The largest companies often have the resources to take care of their land, Linegar said.

"When I look at the properties that Gallo and K-J have, I see a lot of stewardship," Linegar said.

Pushing innovation sometimes backfires, when the big companies raise the bar too high, and smaller companies with fewer resources are pressured to keep up, several sources in the environmental and grape-growing communities said.

"There's a limit to how far the industry wants to go," said David Keller, Bay Area director of Friends of the Eel River, a North Coast environmental group. "There are some major players who would continue their practices as is until there are no more fish in their streams."

Simi Winery, now owned by beverage giant Constellation Brands, helped create Fish Friendly Farming, a voluntary certification process through which farmers create and sustain healthy fish habitat on private lands.

"The idea that just because you're big you can't be environmentally sensitive just doesn't hold water anymore," said Steve Smit, vice president of vineyards and grape management at Constellation. "I can think of smaller companies that are less environmentally aware than we are."

Rigorous certification

The FFF program, which is considered a rigorous environmental certification, helps farmers meet local, state and federal regulations that are designed to protect endangered fish habitat. To comply, farmers plant cover crops between vines to limit erosion, find ways to reduce water use, keep storage units from leaking chemicals into the soil and spread straw on dirt roads to limit erosion and air pollution from dust.

If the farmer diverts water from a river or a stream, the pipes are checked to make sure there's a suitable "fish screen" to keep endangered marine life from getting sucked up into the pipes.

After those and other steps are taken, the National Marine Fisheries Service and state Regional Water Quality Control Board sign off to make the certification official. Overall, the process can take a year or two to complete, said Laurel Marcus, executive director of the California Land Stewardship Institute, which runs the FFF program.
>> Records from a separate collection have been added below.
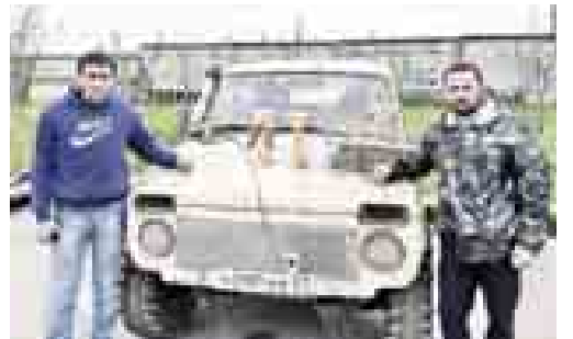
Первые в рейтинге Кубка СКФО

В п. Саниа Республики Северная Осетия-Алания прошёл джип-спринт в зачёт первого этапа Кубка СКФО, посвящённый 70-летию Победы в Великой Отечественной войне, на котором отличились члены внедорожного клуба «Кабарда – 4x4» из Урванского района.
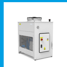
EB 2.0 L 21-44 kW
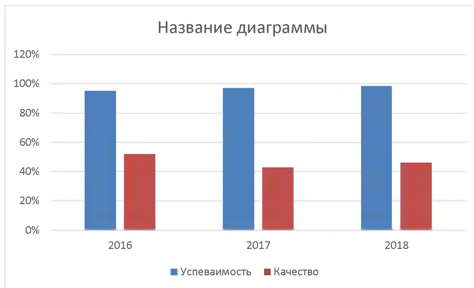
Рис.2. Динамика успеваемости и качества обученности обучающихся техникума за три последних учебных года

4. Динамика успеваемости и качества обученности обучающихся техникума за 3 года по результатам промежуточной аттестации представлена на рис.2.
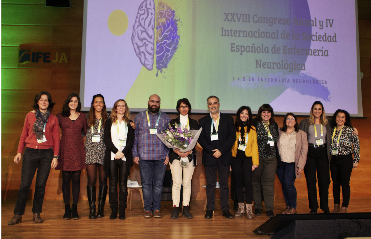
Pie: Junta Directiva de SEDENE.

Desde la Junta Directiva queremos de nuevo agradecer a los ponentes, asistentes y organizadores del congreso. Hasta el año que viene.
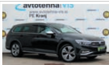
Volkswagen Passat Park Assist krmilna avtomatika

1. registracija: marec 2021 Prevoženi km: 139.180 Motor: dizel, 1968 ccm, 147 kW (200 KM)
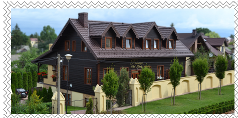
Hotel – Restauracja „Pod Katedrą”

Przypomnijmy, że Królestwo Polskie traktuje „III RP” jako okupanta Ziem Korony Królestwa Polskiego.
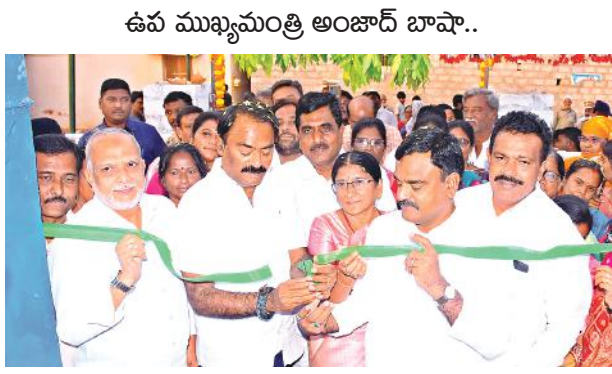
ఉప ముఖ్యమంత్రి అంజాద్ బాషా..
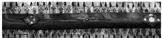
تصویر ۱۴- نقوش روی تیر حمال، سقف مسجد ضریح، مراغه، آذربایجان شرقی.

In Sonoma County, 22,500 acres of vineyards — or more than a third of the county's vineyards — are certified or in the process of obtaining certification, Marcus said.
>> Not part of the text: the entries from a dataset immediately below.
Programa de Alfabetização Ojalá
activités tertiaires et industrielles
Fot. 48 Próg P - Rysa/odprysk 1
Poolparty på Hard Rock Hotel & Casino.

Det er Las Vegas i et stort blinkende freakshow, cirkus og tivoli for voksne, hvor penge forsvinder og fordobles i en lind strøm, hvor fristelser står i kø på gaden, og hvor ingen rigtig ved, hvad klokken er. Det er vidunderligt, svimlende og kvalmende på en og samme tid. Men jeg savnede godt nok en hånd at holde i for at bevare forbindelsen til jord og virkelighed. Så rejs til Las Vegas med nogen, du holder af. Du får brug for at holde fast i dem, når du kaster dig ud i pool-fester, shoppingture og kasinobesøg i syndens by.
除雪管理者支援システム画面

All of Constellation's 950 planted acres in Sonoma County are certified as FFF. Vineyards owned by Ferrari-Carano, the fifth-largest vineyard holder with 1,115 planted acres, and Treasury Wine Estates, with 881 acres, also are 100 percent certified, Marcus said. Rodney Strong has the certification for its nearly 800 planted acres.

At its core, Fish Friendly Farming is a guide to help farmers navigate and meet the complex regulations that many say are costly and difficult to follow.

But having FFF certification doesn't necessarily mean that a vineyard owner is going above and beyond what's required by law. It means they're following the rules, Marcus said.

Often, wineries do go beyond the requirements, restoring creeks and streams, she said.

"We've had people take land out of production, or set their banks back (from creeks)," Marcus said.

Jackson Family Wines and Gallo have only certified a few vineyards, Marcus said.

"Neither one of them has really adopted this program, which is fine," Marcus said. "It's voluntary, so we're not too worried about it."